= Medium error =

In digital storage, a Medium Error is a class of errors that a storage device can experience, which imply that a physical problem was encountered when trying to access the device. The word "medium" refers to the physical storage layer, the medium on which the data is stored; as opposed to errors related to e.g. protocol, device/controller/driver state, etc.

Medium errors are most commonly detected by checking the read data against a checksum – itself being most commonly also stored on the same device. The mismatch of data to its supposed checksum is assumed to be caused by the data being corrupted.

Locations of medium errors can be either temporary (as in the case of bit rot – there is no damage to the medium, the data was simply lost), or permanent (as in the case of scratching – the physical location is unusable from that point onwards).

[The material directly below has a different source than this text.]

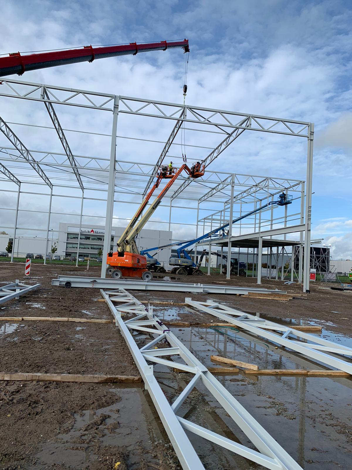 In opdracht van Hercuton b.v. leverde en monteerde IQstaal de staalconstructie voor het nieuwe distributiecentrum voor LIS Logistics b.v. in Almere. Het pand heeft een oppervlakte van 34.365 m² en het dak van het gebouw is volledig geschikt gemaakt voor toekomstige plaatsing van zonnepanelen. De bekistingsrand voor het afstorten van de mezzanine vloer met daaraan een demontabele koppeling voor het vastzetten van het hekwerk werden verzorgd door IQstaal. Ook de montage van de prefab beton wanden en kanaalplaatvloeren werden meegenomen in dit proces.
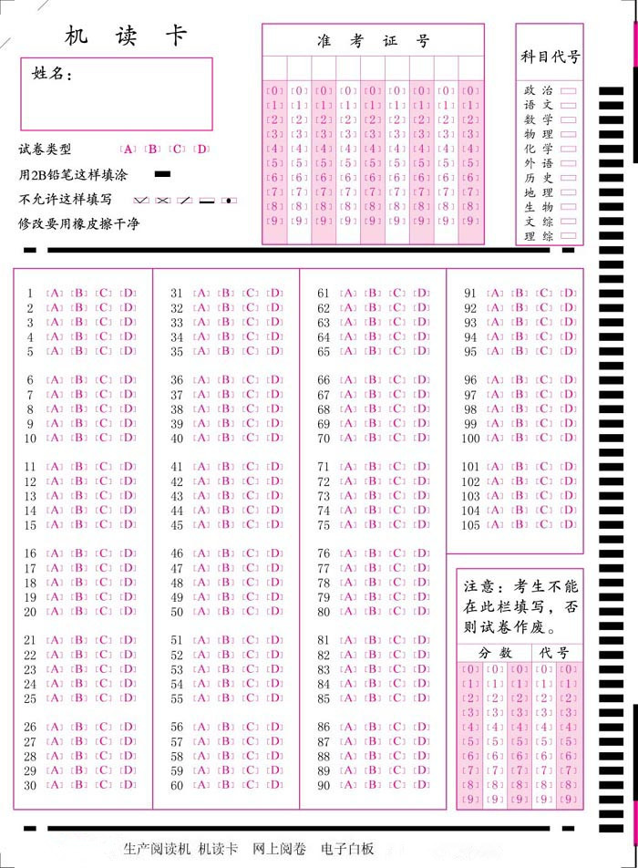 答案卡与学生卡类型不一致会有“A传感器同步框计数值超界”这样的错误,怎么办?又到期末了,很多学校在考试中都会使用答题卡,既能减轻老师判卷的压力,又能提高准确性,一般学校阅卡会有专人负责,考试后监考老师收取学生的答题卡交到阅卡部门,由判卷老师填涂一份标准答案卡,这时就会有这样的问题,比如学生用的是50题的小卡,老师的答案涂的是105题的大卡,怎么办,在按答按涂张小卡吗?其实是有办法处理的。

Devices can sometimes recover from medium errors, either by retrying or by managing to reconcile the data with the checksum. If the medium has incurred permanent damage, the device might remap the logical address where the error occurred to a different, undamaged physical location.

Medium errors are often associated with long latency for the IOs. This is due to the device retrying and attempting to recover from the error.

==Examples of conditions that might cause medium errors==

1. Bad Blocks: These are damaged or defective areas on the storage medium where data cannot be reliably read or written.
2. Media Degradation: Over time, storage media like optical discs or magnetic tapes can degrade, leading to read/write errors.
3. Physical Damage: Physical shocks, drops, or other mechanical damage to the storage device can result in Medium Errors.
4. Media Wear: In the case of hard drives, the read/write heads may wear out or come into contact with the platters, causing errors.
5. Manufacturing Defects: Occasionally, storage media can have manufacturing defects that become evident over time.
6. Environmental Factors: Extreme temperatures, humidity, or exposure to magnetic fields can also lead to Medium Errors.